Member of the National Assembly for Côte-d'Or's 4th constituency
- In office 21 June 2017 – 22 June 2022
- Preceded by: François Sauvadet
- Succeeded by: Hubert Brigand

Personal details
- Born: 14 July 1954 (age 72) Neuilly-sur-Seine, France
- Party: La République En Marche! (LREM) (2017-2020), Ecology Democracy Solidarity (EDS) (2020 onwards)
- Children: 2
- Education: Panthéon-Sorbonne University University of Limoges

= Yolaine de Courson =

French politician (born 1954)

Yolaine de Courson (born 14 July 1954) is a French politician who served as a member of the French National Assembly from 2017 to 2022, representing the department of Côte-d'Or. She was elected as a member of La République En Marche!, but left the party and in May 2020, she was one of the 17 initial members who formed the short-lived Ecology Democracy Solidarity group.

==Political career==
De Courson entered national politics at the age of 63, having previously retired from her career in business. In parliament, she served on the Committee on Sustainable Development and on the Committee on European Affairs. She was also a member of the parliamentary friendship groups with Spain and Iran. Since 2019, she has been a member of the French delegation to the Franco-German Parliamentary Assembly.

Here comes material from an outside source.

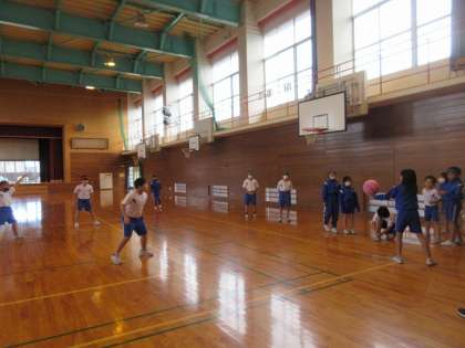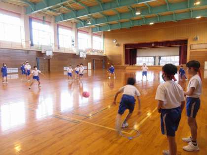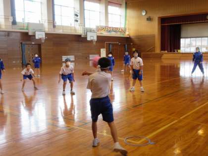きょうは、実際にゲームをしながら、ルールを覚えていきました。ベースボール型のゲームで難しいのは、フライが上がった時の走塁の仕方です。ゲームを進めながら、このような場合はどうしたらよいかを考えていくうちに、少しずつルールを理解していったようです。

In addition to her committee assignments, de Courson was a member of the French delegation to the Parliamentary Assembly of the Council of Europe since 2017. In this capacity, she serves on the Committee on Social Affairs, Health and Sustainable Development; the Sub-Committee on Children; and the Sub-Committee on the European Social Charter.

De Courson lost her seat in the first round of the 2022 French legislative election, coming in fourth place.

==Political positions==
In July 2019, de Courson decided not to align with her parliamentary group's majority and became one of 52 LREM members who abstained from a vote on the French ratification of the European Union’s Comprehensive Economic and Trade Agreement (CETA) with Canada.